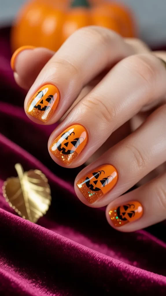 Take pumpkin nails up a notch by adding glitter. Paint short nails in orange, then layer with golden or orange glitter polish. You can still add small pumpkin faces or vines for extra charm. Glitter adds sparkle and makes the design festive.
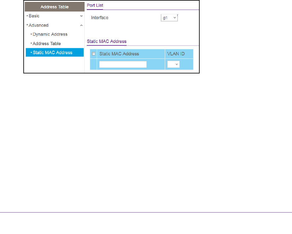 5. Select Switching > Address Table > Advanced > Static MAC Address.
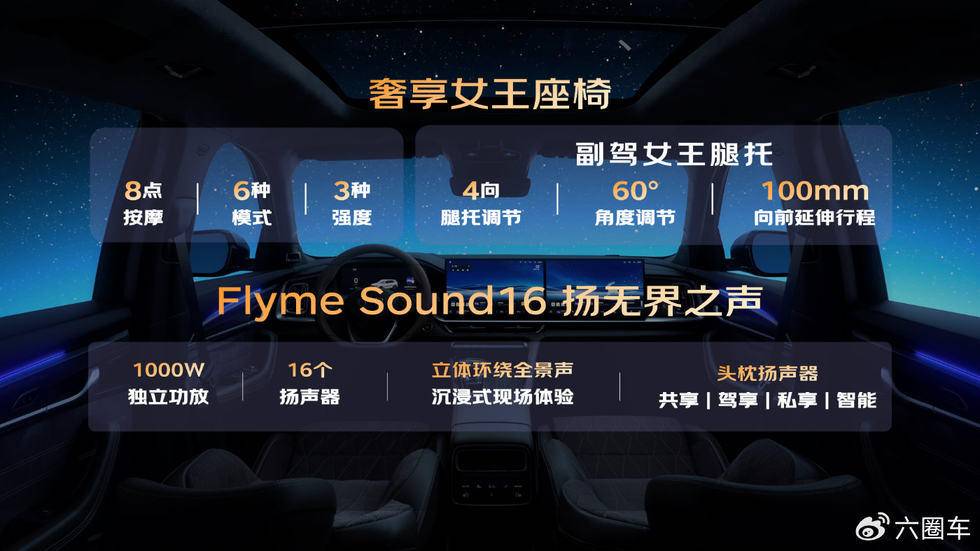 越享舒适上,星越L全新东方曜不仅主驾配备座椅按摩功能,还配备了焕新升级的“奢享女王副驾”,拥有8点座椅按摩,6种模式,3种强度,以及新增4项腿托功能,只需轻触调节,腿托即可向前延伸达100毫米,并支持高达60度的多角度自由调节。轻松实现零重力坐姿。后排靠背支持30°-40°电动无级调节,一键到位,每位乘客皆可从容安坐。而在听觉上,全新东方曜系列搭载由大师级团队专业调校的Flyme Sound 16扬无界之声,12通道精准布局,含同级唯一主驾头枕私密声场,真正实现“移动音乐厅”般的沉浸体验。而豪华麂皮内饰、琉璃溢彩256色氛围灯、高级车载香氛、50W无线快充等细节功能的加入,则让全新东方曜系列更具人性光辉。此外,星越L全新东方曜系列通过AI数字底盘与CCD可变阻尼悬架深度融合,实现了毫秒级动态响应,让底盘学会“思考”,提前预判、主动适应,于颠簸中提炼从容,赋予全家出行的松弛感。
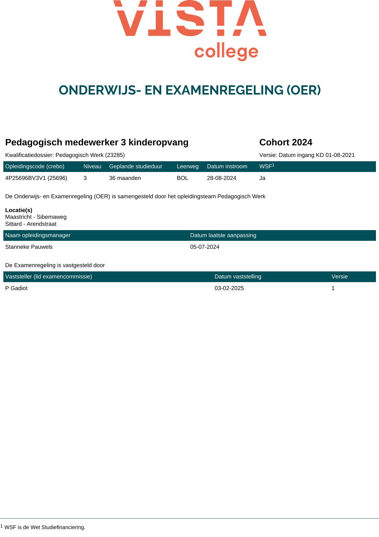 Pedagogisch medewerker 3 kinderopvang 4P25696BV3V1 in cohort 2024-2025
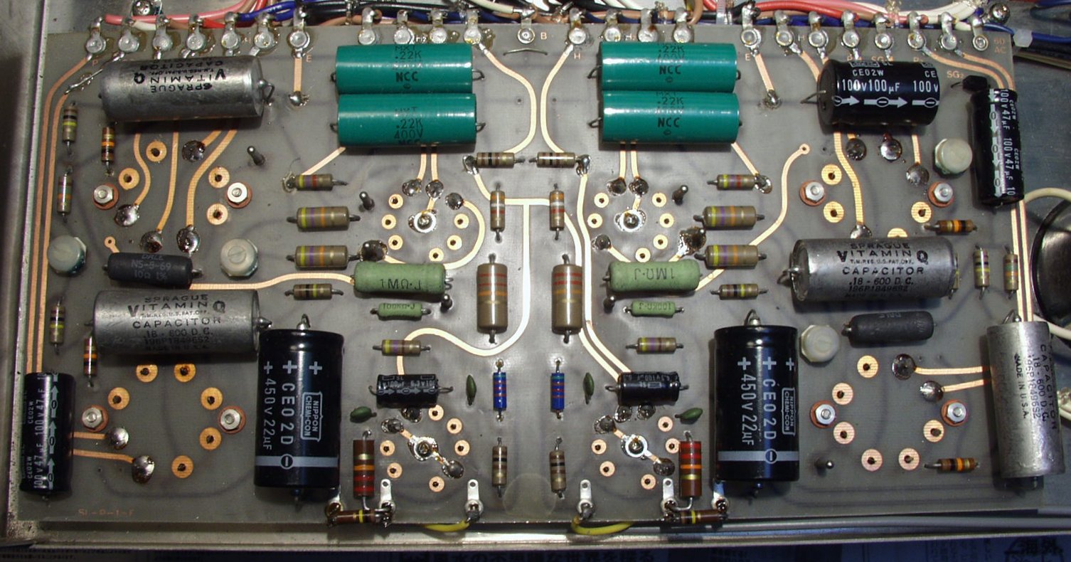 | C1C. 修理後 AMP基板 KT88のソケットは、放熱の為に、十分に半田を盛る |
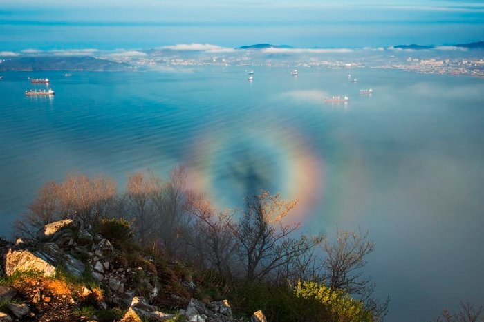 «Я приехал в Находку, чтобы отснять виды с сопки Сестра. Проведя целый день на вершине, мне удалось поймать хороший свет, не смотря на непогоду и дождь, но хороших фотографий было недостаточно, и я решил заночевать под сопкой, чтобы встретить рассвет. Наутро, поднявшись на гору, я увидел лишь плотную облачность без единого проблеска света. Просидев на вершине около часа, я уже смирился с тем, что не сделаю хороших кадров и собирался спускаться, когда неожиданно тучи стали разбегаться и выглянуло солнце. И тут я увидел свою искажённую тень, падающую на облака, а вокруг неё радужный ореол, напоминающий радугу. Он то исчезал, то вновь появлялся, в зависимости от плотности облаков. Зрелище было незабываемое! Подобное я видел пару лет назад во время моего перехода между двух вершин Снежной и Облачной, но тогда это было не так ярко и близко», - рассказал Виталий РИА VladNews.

---

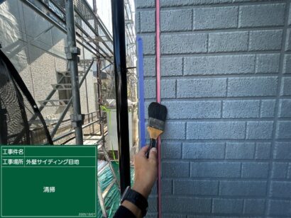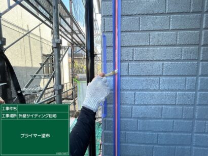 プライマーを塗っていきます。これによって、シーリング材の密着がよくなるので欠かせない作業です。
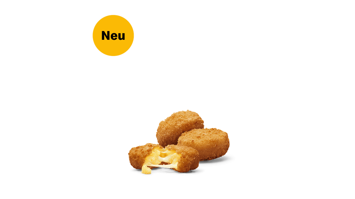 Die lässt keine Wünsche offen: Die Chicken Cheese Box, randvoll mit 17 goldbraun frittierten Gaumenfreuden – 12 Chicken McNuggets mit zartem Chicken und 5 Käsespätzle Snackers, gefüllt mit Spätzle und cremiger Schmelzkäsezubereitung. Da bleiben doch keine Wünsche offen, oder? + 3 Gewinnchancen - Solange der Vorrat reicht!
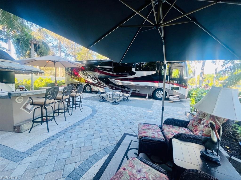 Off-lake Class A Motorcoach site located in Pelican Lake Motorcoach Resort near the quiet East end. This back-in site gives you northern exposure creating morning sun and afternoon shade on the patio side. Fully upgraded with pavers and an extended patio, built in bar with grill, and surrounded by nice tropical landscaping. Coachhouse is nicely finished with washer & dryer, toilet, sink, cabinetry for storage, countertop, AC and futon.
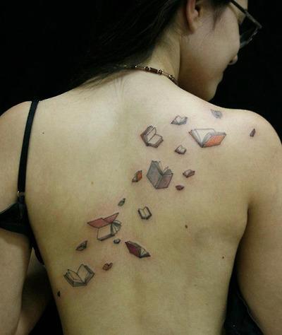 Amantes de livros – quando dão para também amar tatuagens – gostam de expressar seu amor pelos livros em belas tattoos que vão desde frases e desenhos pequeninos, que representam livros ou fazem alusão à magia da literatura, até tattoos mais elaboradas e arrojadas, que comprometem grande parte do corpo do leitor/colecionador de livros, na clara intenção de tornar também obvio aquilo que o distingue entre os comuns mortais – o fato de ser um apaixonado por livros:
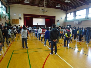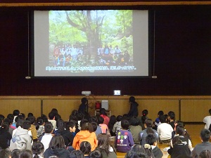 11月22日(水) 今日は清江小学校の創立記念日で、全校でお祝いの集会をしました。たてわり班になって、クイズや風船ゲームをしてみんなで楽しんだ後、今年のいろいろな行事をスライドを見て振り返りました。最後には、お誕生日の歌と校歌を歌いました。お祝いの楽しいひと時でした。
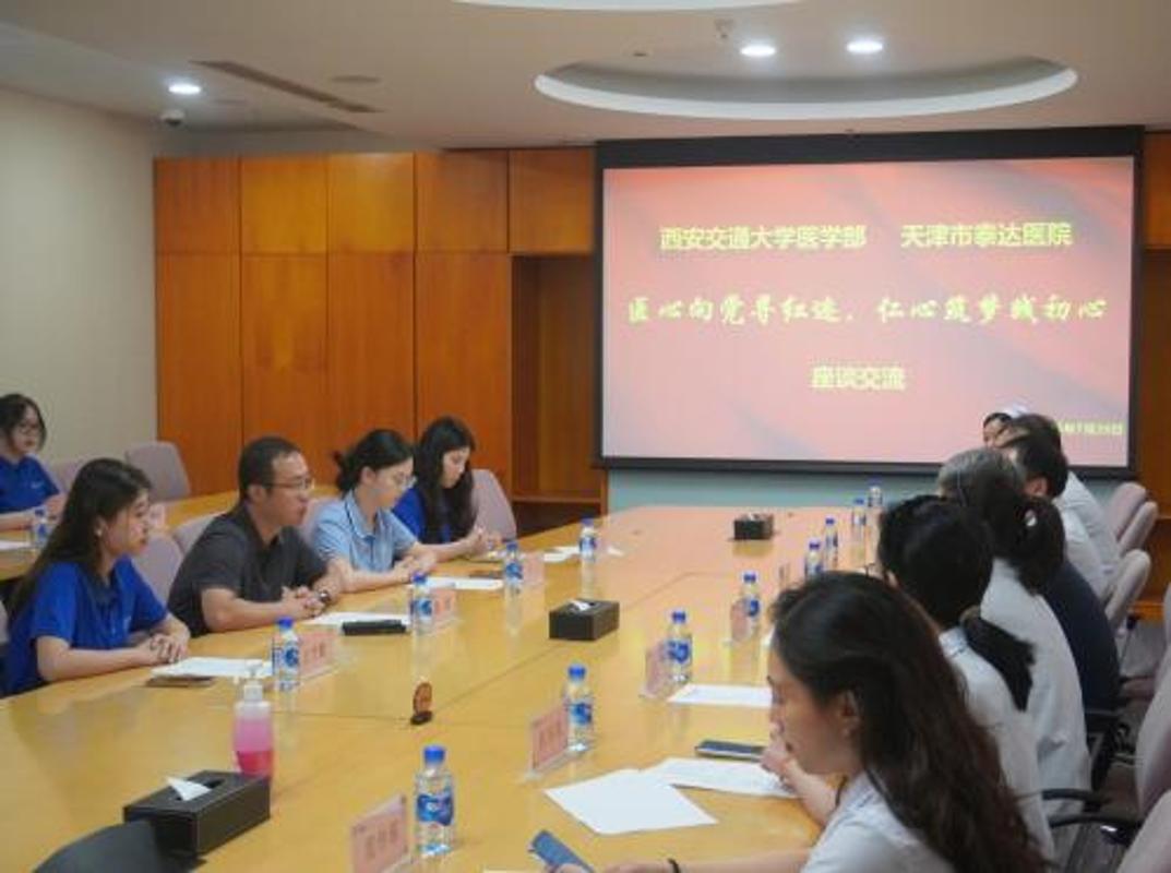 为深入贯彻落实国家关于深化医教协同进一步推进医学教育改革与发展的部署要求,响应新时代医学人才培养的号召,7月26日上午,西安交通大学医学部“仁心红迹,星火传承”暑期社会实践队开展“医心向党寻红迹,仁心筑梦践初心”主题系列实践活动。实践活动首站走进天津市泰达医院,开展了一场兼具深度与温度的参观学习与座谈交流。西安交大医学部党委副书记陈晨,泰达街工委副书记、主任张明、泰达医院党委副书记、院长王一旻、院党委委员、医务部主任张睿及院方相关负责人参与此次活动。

* _What you are asked to do_: Beginning with the line that contains "Take pumpkin nails" and ending with the line that contains "Pedagogisch medewerker 3", reproduce the listing exactly, pictures excluded.

* _Reply to the task_:
 Take pumpkin nails up a notch by adding glitter. Paint short nails in orange, then layer with golden or orange glitter polish. You can still add small pumpkin faces or vines for extra charm. Glitter adds sparkle and makes the design festive.
 5. Select Switching > Address Table > Advanced > Static MAC Address.
 越享舒适上,星越L全新东方曜不仅主驾配备座椅按摩功能,还配备了焕新升级的“奢享女王副驾”,拥有8点座椅按摩,6种模式,3种强度,以及新增4项腿托功能,只需轻触调节,腿托即可向前延伸达100毫米,并支持高达60度的多角度自由调节。轻松实现零重力坐姿。后排靠背支持30°-40°电动无级调节,一键到位,每位乘客皆可从容安坐。而在听觉上,全新东方曜系列搭载由大师级团队专业调校的Flyme Sound 16扬无界之声,12通道精准布局,含同级唯一主驾头枕私密声场,真正实现“移动音乐厅”般的沉浸体验。而豪华麂皮内饰、琉璃溢彩256色氛围灯、高级车载香氛、50W无线快充等细节功能的加入,则让全新东方曜系列更具人性光辉。此外,星越L全新东方曜系列通过AI数字底盘与CCD可变阻尼悬架深度融合,实现了毫秒级动态响应,让底盘学会“思考”,提前预判、主动适应,于颠簸中提炼从容,赋予全家出行的松弛感。
 Pedagogisch medewerker 3 kinderopvang 4P25696BV3V1 in cohort 2024-2025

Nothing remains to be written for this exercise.